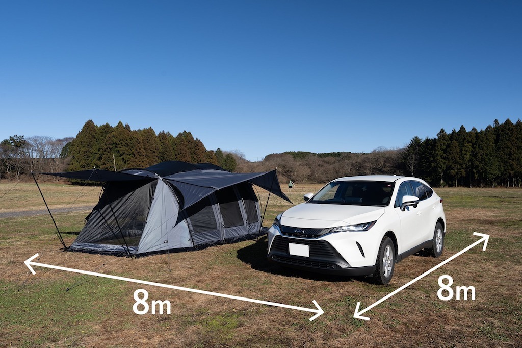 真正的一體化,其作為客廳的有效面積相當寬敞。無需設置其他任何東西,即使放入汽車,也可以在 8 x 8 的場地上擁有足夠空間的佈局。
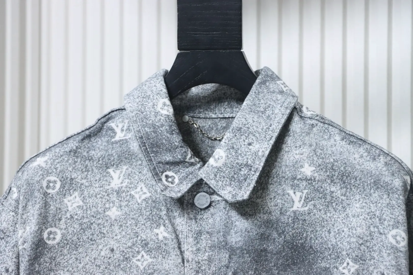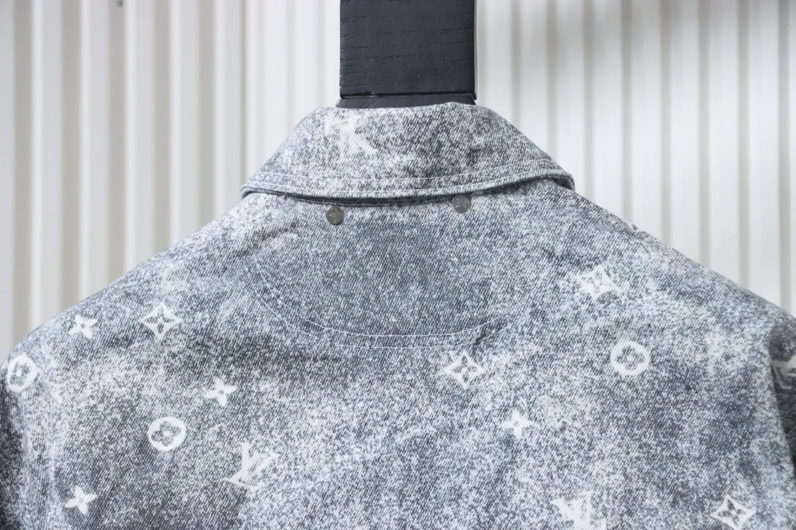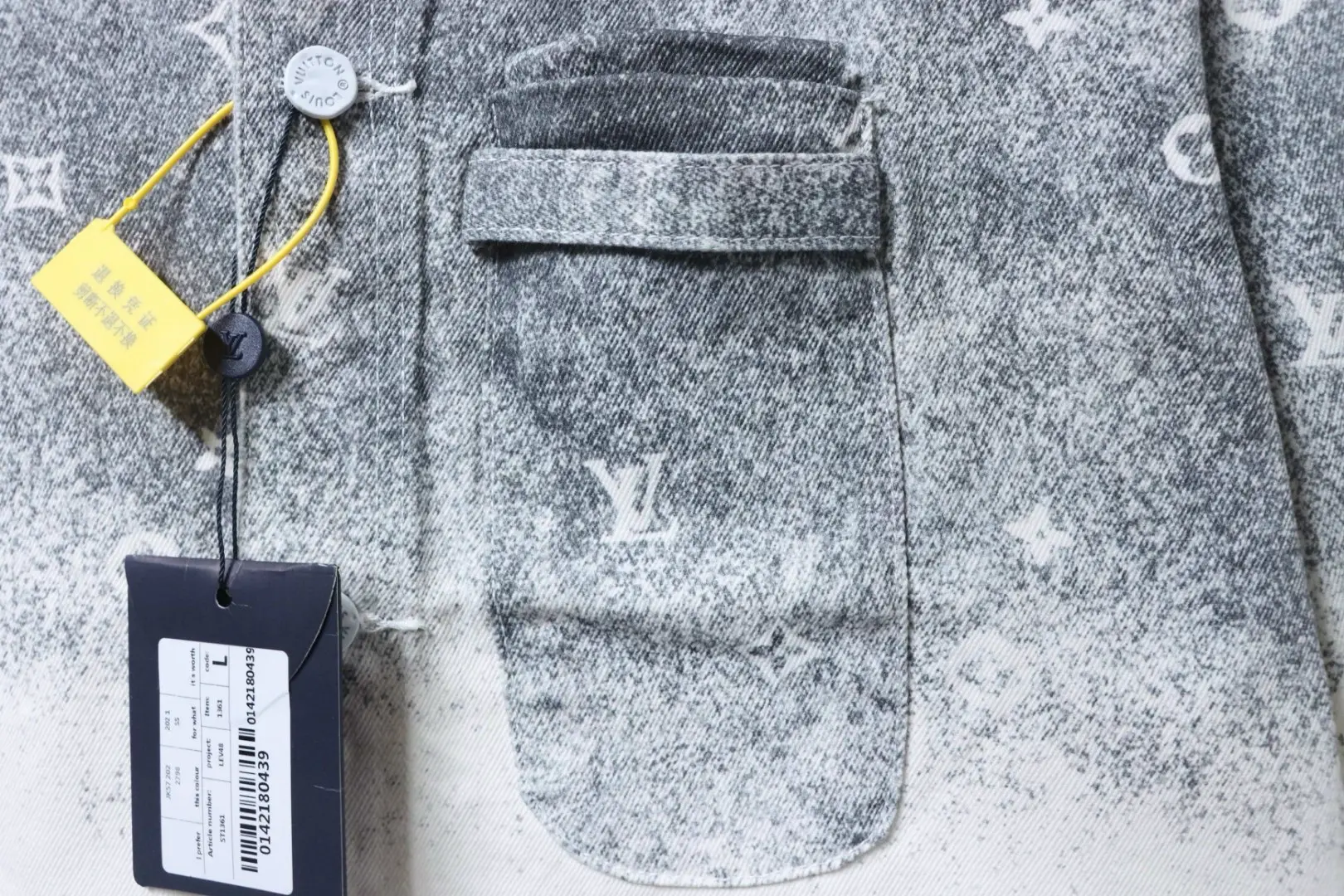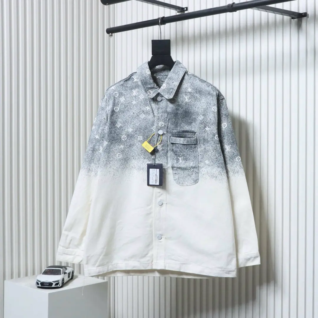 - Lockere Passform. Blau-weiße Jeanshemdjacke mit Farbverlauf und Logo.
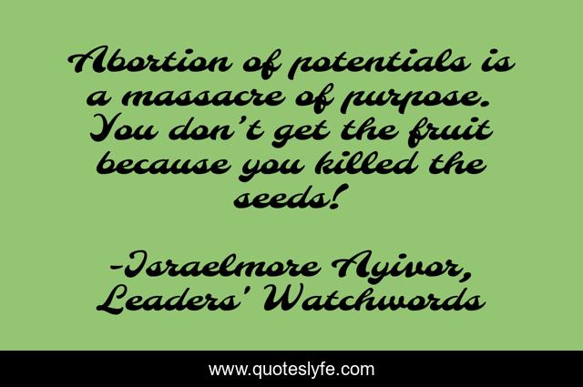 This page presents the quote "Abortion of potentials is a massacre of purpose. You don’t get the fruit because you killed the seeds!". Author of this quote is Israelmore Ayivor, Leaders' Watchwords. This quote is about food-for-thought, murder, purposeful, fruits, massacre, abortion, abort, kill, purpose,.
★ ★ ★ ★ ★
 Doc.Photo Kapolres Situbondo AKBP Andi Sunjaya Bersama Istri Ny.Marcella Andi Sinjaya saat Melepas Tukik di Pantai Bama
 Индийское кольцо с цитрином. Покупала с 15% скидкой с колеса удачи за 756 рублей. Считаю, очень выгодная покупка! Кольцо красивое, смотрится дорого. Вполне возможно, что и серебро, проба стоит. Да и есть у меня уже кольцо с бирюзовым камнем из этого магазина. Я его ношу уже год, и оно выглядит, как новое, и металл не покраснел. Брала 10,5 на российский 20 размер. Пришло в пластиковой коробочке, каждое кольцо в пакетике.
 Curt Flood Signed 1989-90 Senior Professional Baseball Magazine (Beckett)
★ ★ ★ ★ ★
= Activity =
Each line in the listing above from the one containing "Индийское кольцо с" through the one containing "Curt Flood Signed" should be repeated exactly, and no other line.

= The completed task =
 Индийское кольцо с цитрином. Покупала с 15% скидкой с колеса удачи за 756 рублей. Считаю, очень выгодная покупка! Кольцо красивое, смотрится дорого. Вполне возможно, что и серебро, проба стоит. Да и есть у меня уже кольцо с бирюзовым камнем из этого магазина. Я его ношу уже год, и оно выглядит, как новое, и металл не покраснел. Брала 10,5 на российский 20 размер. Пришло в пластиковой коробочке, каждое кольцо в пакетике.
 Curt Flood Signed 1989-90 Senior Professional Baseball Magazine (Beckett)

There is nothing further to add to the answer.